Imposter syndrome (sometimes called the imposter phenomenon) describes a persistent internal experience of intellectual self-doubt in which capable individuals attribute their success to luck, timing, or having "fooled" others rather than to their own ability. The term was introduced by psychologists Pauline Clance and Suzanne Imes in a 1978 paper studying high-achieving women, and has since been documented across genders, disciplines, and career stages.
In policy, diplomacy, and research environments, the pattern is especially common because work is highly verbal, peer-evaluated, and credential-dense. Junior researchers at think tanks, first-time Model UN delegates, graduate students presenting at conferences, and early-career diplomats often report:
- discounting positive feedback as politeness;
- over-preparing to compensate for perceived inadequacy;
- avoiding questions in committee or seminar settings for fear of "exposure";
- attributing fellowships, placements, or speaking invitations to diversity quotas or administrative error.
It is not a clinical diagnosis in the DSM-5 or ICD-11, but rather a descriptive concept used in organizational psychology and mentoring literature. Clance later developed the Clance Impostor Phenomenon Scale (CIPS) in 1985 as a self-assessment instrument.
For MUN delegates and junior analysts, the practical relevance is twofold. First, recognizing the pattern can reduce its grip: research by Bravata et al. (2020), a systematic review published in the Journal of General Internal Medicine, found imposter feelings affect a wide majority of professionals at some point. Second, structural conditions — opaque promotion criteria, prestige hierarchies, underrepresentation — can amplify the experience independently of individual psychology, meaning institutional remedies (transparent feedback, mentorship, structured onboarding) matter alongside personal coping strategies.

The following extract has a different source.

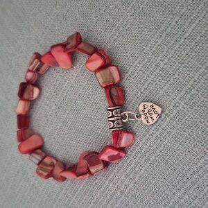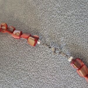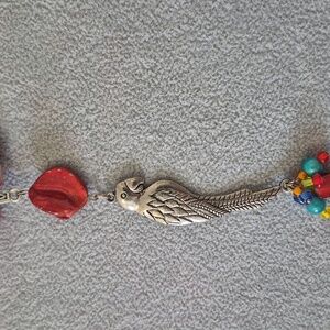 19 " Mother of Pearl Necklace with 4 1/2" Pewter Parrot Drop.7" Braclet, Earrings 2" Necklace is strung on Stainless steel jewelry wire. Closure is Stainless steel non tarnish. Parrot is Pewter.Braclet is strung on heavy duty jewelry cord. Charm is Stainless steel non tarnish. Earrings are Sterling Silver.

Common counter-strategies include keeping a written record of substantive contributions, normalizing peer conversations about doubt, distinguishing competence from expertise, and treating preparation as a tool rather than a defense.
Example
A first-year analyst at a Washington think tank in 2023 publishes a well-received policy brief on Sahel security but privately attributes its reception to her supervisor's edits rather than her own research — a textbook expression of imposter syndrome.
Frequently asked questions
No. It is not listed in the DSM-5 or ICD-11. It is a descriptive concept from psychology research, first articulated by Clance and Imes in 1978, used to characterize a pattern of self-doubt rather than a disorder.